A miniature, low-cost transceiver for fast, reliable communications

Gearing up for 5G.

The new transceiver measures only 3 mm x 4 mm The proposed chip, fabricated in a standard 65-nanometer CMOS process, takes up a total area of just 12 mm2.
The new transceiver measures only 3 mm x 4 mm The proposed chip, fabricated in a standard 65-nanometer CMOS process, takes up a total area of just 12 mm2.

In order to support high-speed mobile data access using the millimeter-wave spectrum for 5G, scientists at the Tokyo Tech have designed a 28 GHz transceiver that integrates beamforming1 with dual-polarized multiple-input and multiple-output (MIMO2) technology.

This 28- GHz transceiver consolidates beamforming, an exceptionally efficient signal processing strategy, with dual-polarized MIMO abilities. It means, its variety of antennas can react to both flat and vertical radio waves in the meantime.

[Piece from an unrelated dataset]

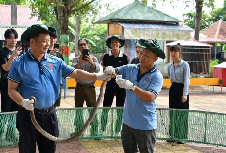 Du khách khi đến trại rắn tham quan được trải nghiệm xem cán bộ trại rắn lấy nọc rắn trực tiếp

During testing, it offered the data rate of 15 gigabits per second (Gb/s) in the 64-QAM format. This data rate is 25 percent higher than that achieved by previous comparable models.

Using minimal components, scientists designed a transceiver of size 3 mm by 4 mm, which is around half the size achieved to date. The smaller the chip, the better for 5G.

 Image of the new transceiver designed for 5G The transceiver consists of a total of four horizontal (H1–4) and four vertical (V1–4) array orientations.
Image of the new transceiver designed for 5G
The transceiver consists of a total of four horizontal (H1–4) and four vertical (V1–4) array orientations.

Kenichi Okada at Tokyo Tech‘s Department of Electrical and Electronic Engineering said, “Compared with the conventional switch-based bi-directional approach, our bi-directional amplifier completely shares the inter-stage matching networks between the transceiver and the receiver. Thus, the required on-chip area is further minimized.”

The research was partially supported by SCOPE, an initiative led by Japan’s Ministry of Internal Affairs and Communications that focuses on promoting innovations in information and communication technologies.

(a) The conventional transceiver structure and (b) the newly proposed bi-directional transceiver structure, which is much more compact.
(a) The conventional transceiver structure and (b) the newly proposed bi-directional transceiver structure, which is much more compact.

Further details of the study are being presented as part of the 4G/5G Transceivers Session at the 2019 International Solid-State Circuits Conferenceouter (ISSCC) to be held in San Francisco from 17 to 21 February 2019.